The foregoing description is only of the preferred embodiments of the present invention, and is not intended to limit the scope of the invention, but rather is intended to cover any equivalents of the structures or equivalent processes disclosed herein or in the alternative, which may be employed directly or indirectly in other related arts.

Claims

1. A method of speech generation, the method comprising:

inputting the voice attribute of the user and the voice spectrogram to be edited into a target generator to generate a target voice spectrogram; and

Generating a voice signal for output according to the target voice spectrogram;

the extracting the user voice attribute corresponding to the user audio data from the user voice spectrogram includes:

extracting voice attributes of the user voice spectrogram through the target generator to obtain the user voice attributes corresponding to the user audio data;

2. The speech generating method of claim 1, wherein converting the user audio data into a user speech spectrogram comprises:

extracting user spectrum information of the user audio data;

3. The speech generation method of claim 1, wherein the method further comprises the training step of the GAN model:

inputting the sample spectrogram and the sample attribute tag into a GAN model;

4. The method of claim 1, wherein the obtaining audio data to be edited and converting the audio data to be edited into a speech spectrogram comprises:

Extracting spectral information to be edited of the audio data to be edited;

5. The speech generating method of claim 1, wherein generating a target speech spectrogram from the user speech attribute and the speech spectrogram to be edited comprises:

6. The speech generating method of claim 5, wherein inputting the target speech attribute and the speech spectrogram to be edited into a target generator to obtain a target speech spectrogram comprises:

7. A speech generation system, comprising:

the voice editing acquisition module is used for inputting the voice spectrogram to be edited into a target generator according to the voice attribute of the user and the voice spectrogram to be edited to generate a target voice spectrogram; and

The voice generation module is used for generating a voice signal for output according to the target voice spectrogram;

the attribute extraction module is further configured to extract, by using the target generator, a voice attribute of the user voice spectrogram, so as to obtain the user voice attribute corresponding to the user audio data; the target generator is a generator in a pre-trained target GAN model, and comprises a spatial attention network and a property editing network, wherein the spatial attention network is used for determining a property area of a voice spectrogram, and the property editing network is used for carrying out voice property editing and voice property extraction on the voice spectrogram of the property area.

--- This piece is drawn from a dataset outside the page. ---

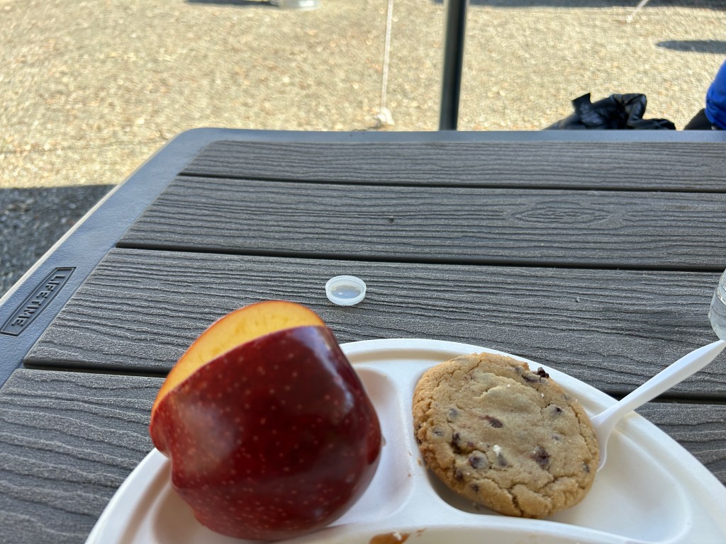 Lunch at Garden Creek Ranch. Chinese gold miners planted fruit trees in 1860. I picked an Apple from the tree. Saw deer and wild turkey in the orchard.

8. A computer device comprising a memory, a processor and a computer program stored on the memory and executable on the processor, characterized in that the computer program when executed by the processor implements the steps of the speech generating method according to any of claims 1 to 6.

9. A computer-readable storage medium, in which a computer program is stored, the computer program being executable by at least one processor to cause the at least one processor to perform the steps of the speech generating method according to any one of claims 1 to 6.